* Activity *
With the images removed, transcribe the listing that follows exactly.

* Dataset excerpt *

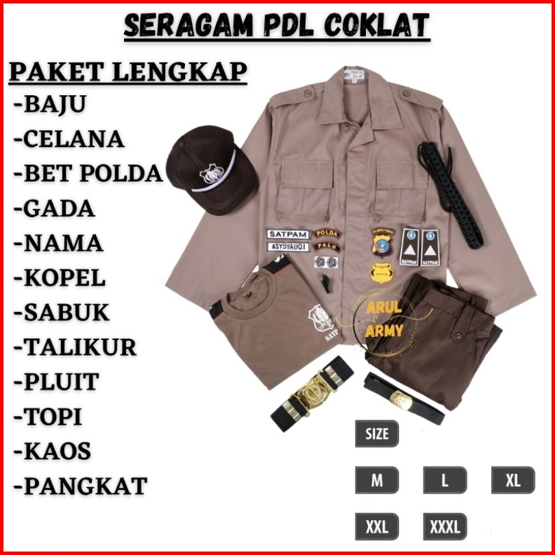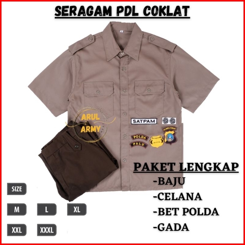 Baju Seragam Setelan Satpam Security Pdh Pdl Coklat Terbaru Krem Paket Lengkap Seragam Satpam
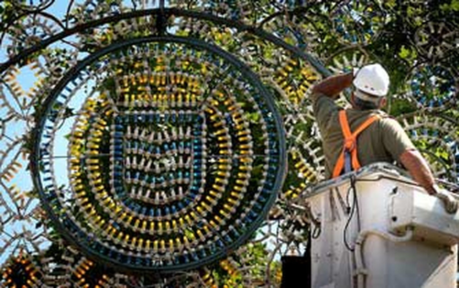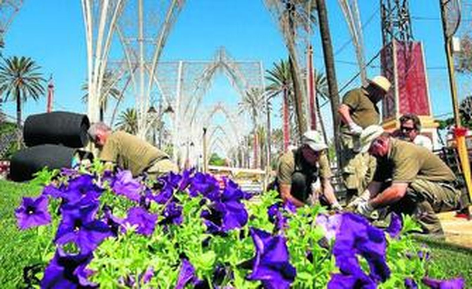 En la glorieta central de la Feria, jardineros municipales ponen los últimos tepes de césped, a los que se unen petunias de color morado y gazanias, mientras que arriba, subidos en grúas, operarios de Iluminación Ximénez dan los últimos retoques al espectacular nuevo alumbrado del Paseo de Las Palmeras. Manuel Tenllado, supervisor de la empresa, indica que se han instalado exactamente 34 pórticos bóvedas divididos en dos paneles de 17x2 metros. "Es la primera vez que se instala en una Feria, aunque en Valencia, para las Fallas, ya se pusieron dos. Es algo absolutamente majestuoso y lo más novedoso en cuanto a alumbrado", afirma orgulloso. Desde luego, las bóvedas han supuesto un gran trabajo de ingeniería. Ahora bien, ¿gustará al jerezano, más acostumbrado al tradicional alumbrado? "Estoy convencido de ello", señala. "Sólo hay que ver la altura que tienen y el espectacular efecto que crean". En cuanto a sí en años venideros se ampliará este tipo de alumbrado a otras calles, Tenllado lo descarta ya que "hay que diferenciar la principal del resto, así ocurre en todas las ferias".
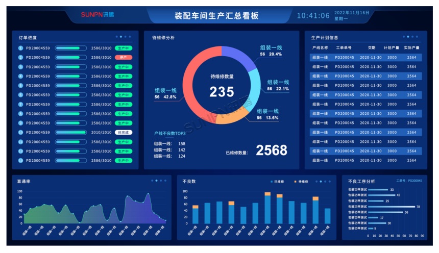 ①根据工单号、时间段、产线等条件查询工单实时的生产情况,包含工单的生产开始时间、完工时间、投入数量、完成数量、不良数量、待维修数量等信息。

* Solution to this problem *
 Baju Seragam Setelan Satpam Security Pdh Pdl Coklat Terbaru Krem Paket Lengkap Seragam Satpam
 En la glorieta central de la Feria, jardineros municipales ponen los últimos tepes de césped, a los que se unen petunias de color morado y gazanias, mientras que arriba, subidos en grúas, operarios de Iluminación Ximénez dan los últimos retoques al espectacular nuevo alumbrado del Paseo de Las Palmeras. Manuel Tenllado, supervisor de la empresa, indica que se han instalado exactamente 34 pórticos bóvedas divididos en dos paneles de 17x2 metros. "Es la primera vez que se instala en una Feria, aunque en Valencia, para las Fallas, ya se pusieron dos. Es algo absolutamente majestuoso y lo más novedoso en cuanto a alumbrado", afirma orgulloso. Desde luego, las bóvedas han supuesto un gran trabajo de ingeniería. Ahora bien, ¿gustará al jerezano, más acostumbrado al tradicional alumbrado? "Estoy convencido de ello", señala. "Sólo hay que ver la altura que tienen y el espectacular efecto que crean". En cuanto a sí en años venideros se ampliará este tipo de alumbrado a otras calles, Tenllado lo descarta ya que "hay que diferenciar la principal del resto, así ocurre en todas las ferias".
 ①根据工单号、时间段、产线等条件查询工单实时的生产情况,包含工单的生产开始时间、完工时间、投入数量、完成数量、不良数量、待维修数量等信息。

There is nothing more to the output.